(Problem to work on):
Each record should reappear exactly in your answer, minus any picture.

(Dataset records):
┄┄┄┄┄┄┄┄┄┄┄┄┄┄┄┄┄┄┄┄
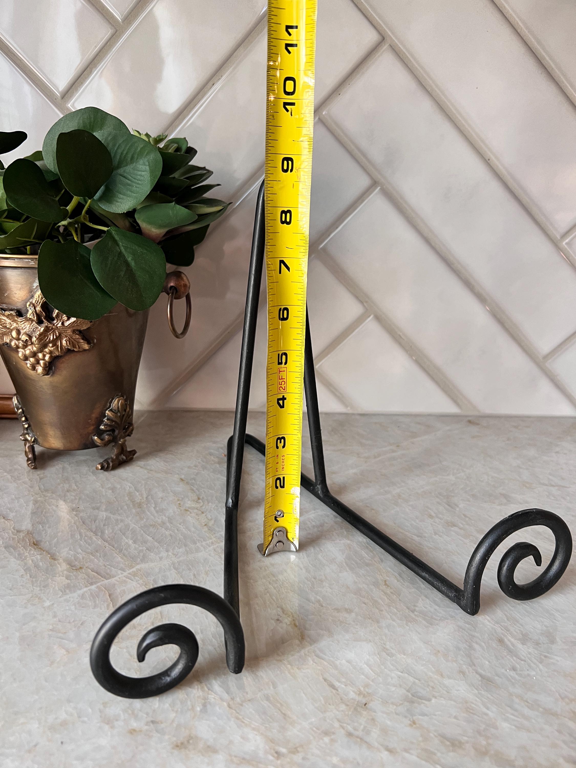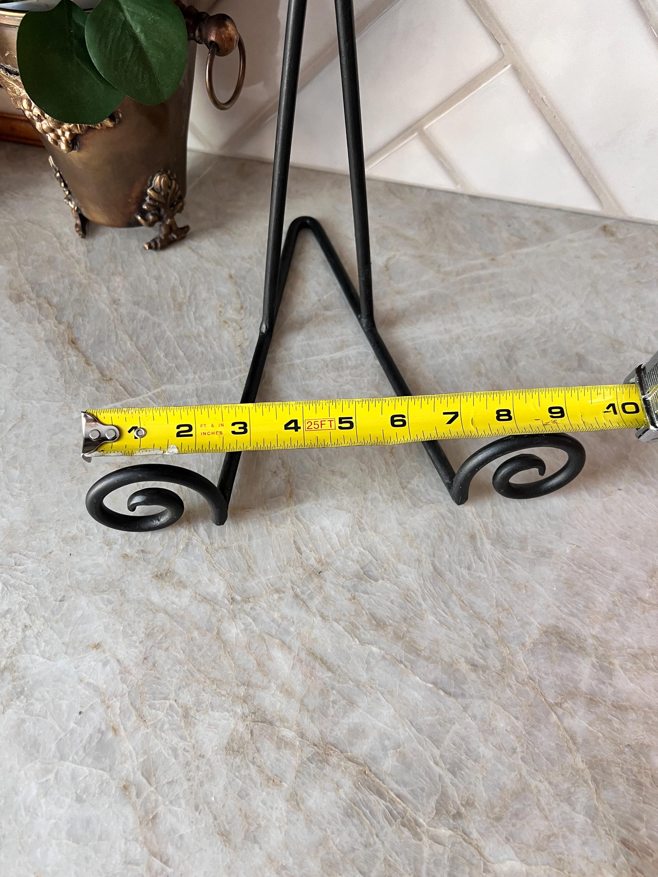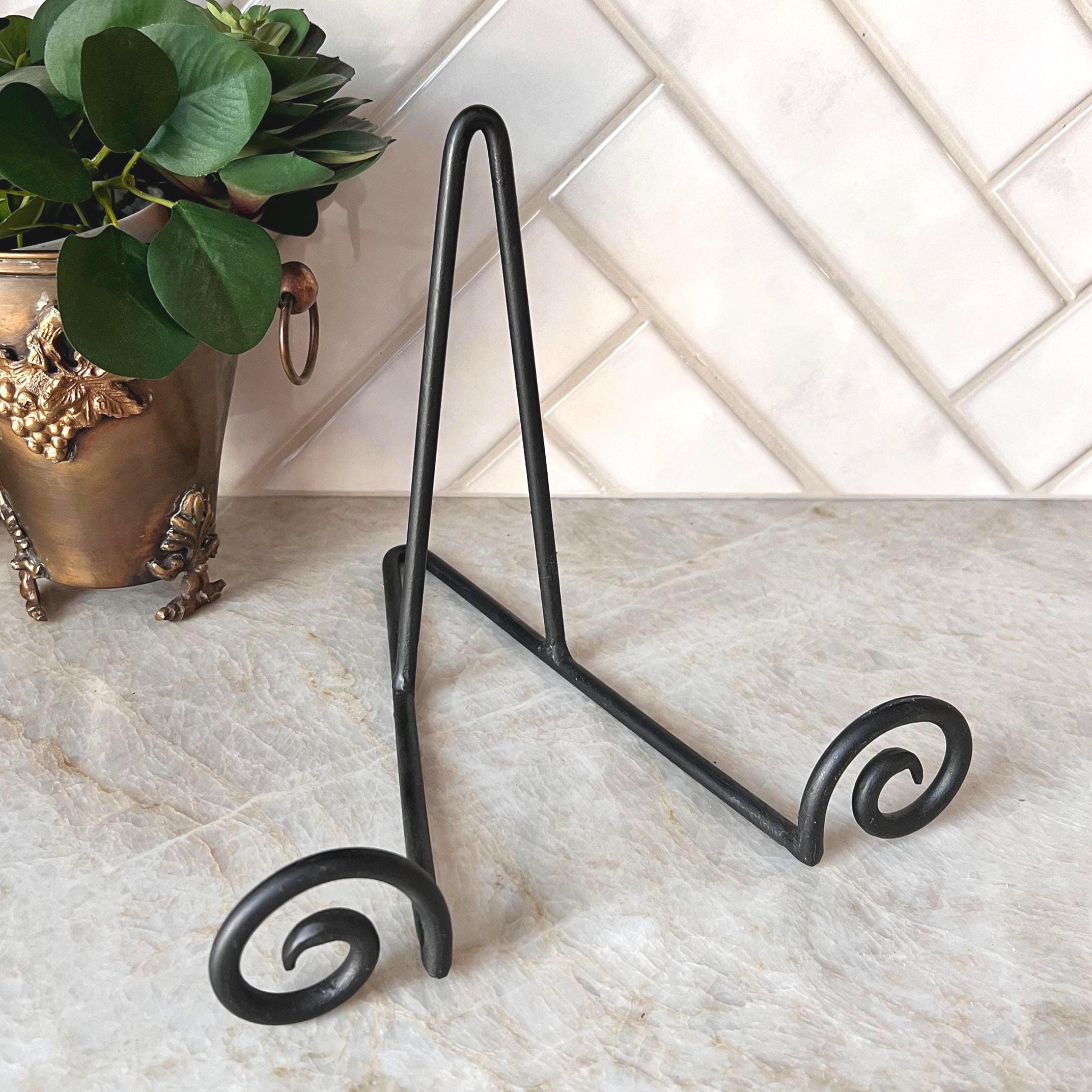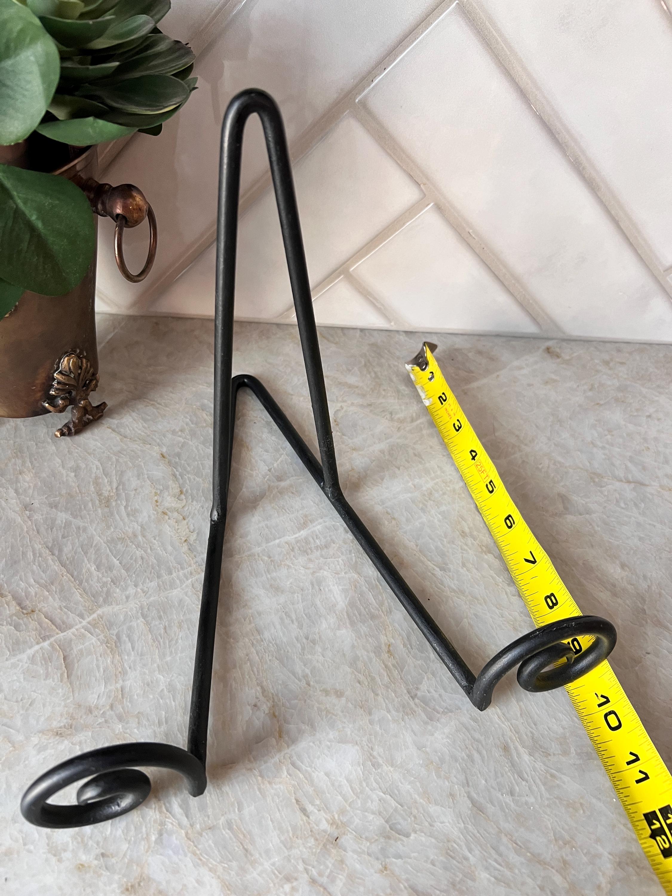 Add timeless charm to your decor or shop display with this vintage-style black metal easel stand. Crafted with graceful scrollwork and a matte black finish, it’s perfect for showcasing decorative plates, art prints, framed photos, or tabletop signage. Whether used on a bookshelf, kitchen counter, or gallery wall, this stand offers a sturdy and stylish way to elevate your treasures.
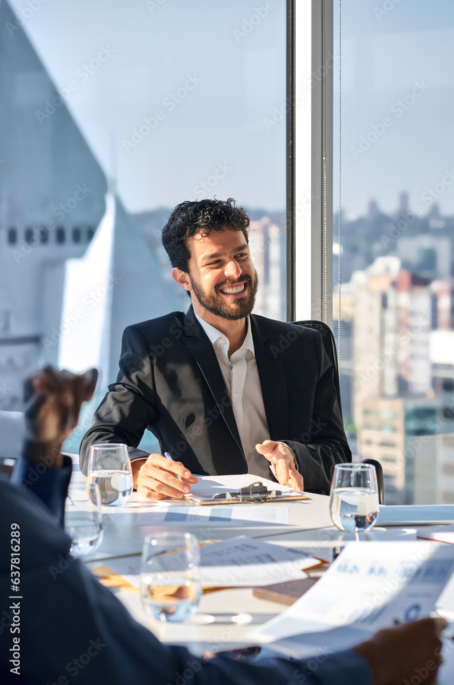 Happy professional young latin business man company executive working with team colleagues people discussing financial project in office at group meeting table in corporate board room. Vertical
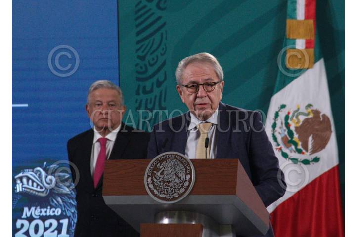 CIUDAD DE MÉXICO, 13ABRIL2021.- Andrés Manuel López Obrador, presidente de México acompañado de Marcelo Ebrard Casaubon, secretario de Relaciones Exteriores; Jorge Alcocer Varela, secretario de Salud; Luis Cresencio Sandoval González, secretario de la Defensa Nacional; Eduardo Redondo Arámbulo, subsecretario de Marina; Hugo López-Gatell Ramírez, subsecretario de Prevención y Promoción de la Salud; Elena Álvarez-Buylla, directora general del Consejo Nacional de Ciencia y Tecnología (CONACYT); Bernardo Lozano Debernard, director general de Laboratorios Avimex y Arturo Reyes Sandoval, director general del Instituto Politécnico Nacional (IPN) durante conferencia Pulso de la Salud que s el leva a cabo en Palacio Nacional, destacando el tema de la Pandemia y vacunación. FOTO: ANDREA MURCIA / CUARTOSCURO.COM
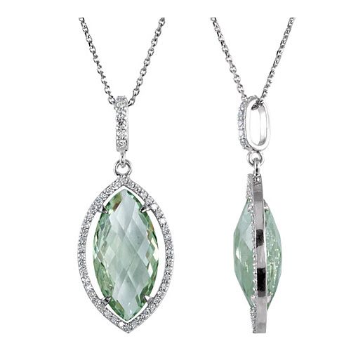 Marquise shaped, double sided checkerboard green quartz dangles from an 18in sterling silver diamond cut cable chain. Spring ring clasp. Quartz dimensions: 20mm x 10mm. This halo style necklace is adorned with 44 x 1mm genuine full cut diamonds and 6 x 1.3mm genuine full cut diamonds. Diamond clarity I2, color G-H. Approximate weight: 2.8 grams.
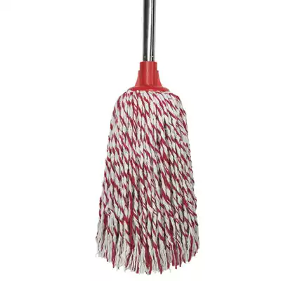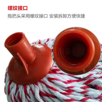 Red and white cotton yarn mop round cotton thread mop stainless steel hand Rod cotton tow water drag vintage home Mop Mop
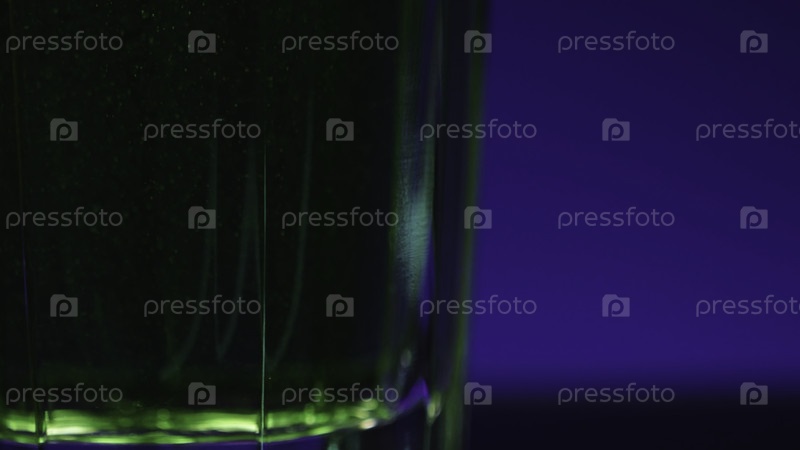 Напиток наливают в прозрачное стекло. Скотч-клип. В стакан заливается зеленый алкогольный напиток. Клубные выпивки в стакане на изолированном фоне
┄┄┄┄┄┄┄┄┄┄┄┄┄┄┄┄┄┄┄┄
(Your solution):
 Add timeless charm to your decor or shop display with this vintage-style black metal easel stand. Crafted with graceful scrollwork and a matte black finish, it’s perfect for showcasing decorative plates, art prints, framed photos, or tabletop signage. Whether used on a bookshelf, kitchen counter, or gallery wall, this stand offers a sturdy and stylish way to elevate your treasures.
 Happy professional young latin business man company executive working with team colleagues people discussing financial project in office at group meeting table in corporate board room. Vertical
 CIUDAD DE MÉXICO, 13ABRIL2021.- Andrés Manuel López Obrador, presidente de México acompañado de Marcelo Ebrard Casaubon, secretario de Relaciones Exteriores; Jorge Alcocer Varela, secretario de Salud; Luis Cresencio Sandoval González, secretario de la Defensa Nacional; Eduardo Redondo Arámbulo, subsecretario de Marina; Hugo López-Gatell Ramírez, subsecretario de Prevención y Promoción de la Salud; Elena Álvarez-Buylla, directora general del Consejo Nacional de Ciencia y Tecnología (CONACYT); Bernardo Lozano Debernard, director general de Laboratorios Avimex y Arturo Reyes Sandoval, director general del Instituto Politécnico Nacional (IPN) durante conferencia Pulso de la Salud que s el leva a cabo en Palacio Nacional, destacando el tema de la Pandemia y vacunación. FOTO: ANDREA MURCIA / CUARTOSCURO.COM
 Marquise shaped, double sided checkerboard green quartz dangles from an 18in sterling silver diamond cut cable chain. Spring ring clasp. Quartz dimensions: 20mm x 10mm. This halo style necklace is adorned with 44 x 1mm genuine full cut diamonds and 6 x 1.3mm genuine full cut diamonds. Diamond clarity I2, color G-H. Approximate weight: 2.8 grams.
 Red and white cotton yarn mop round cotton thread mop stainless steel hand Rod cotton tow water drag vintage home Mop Mop
 Напиток наливают в прозрачное стекло. Скотч-клип. В стакан заливается зеленый алкогольный напиток. Клубные выпивки в стакане на изолированном фоне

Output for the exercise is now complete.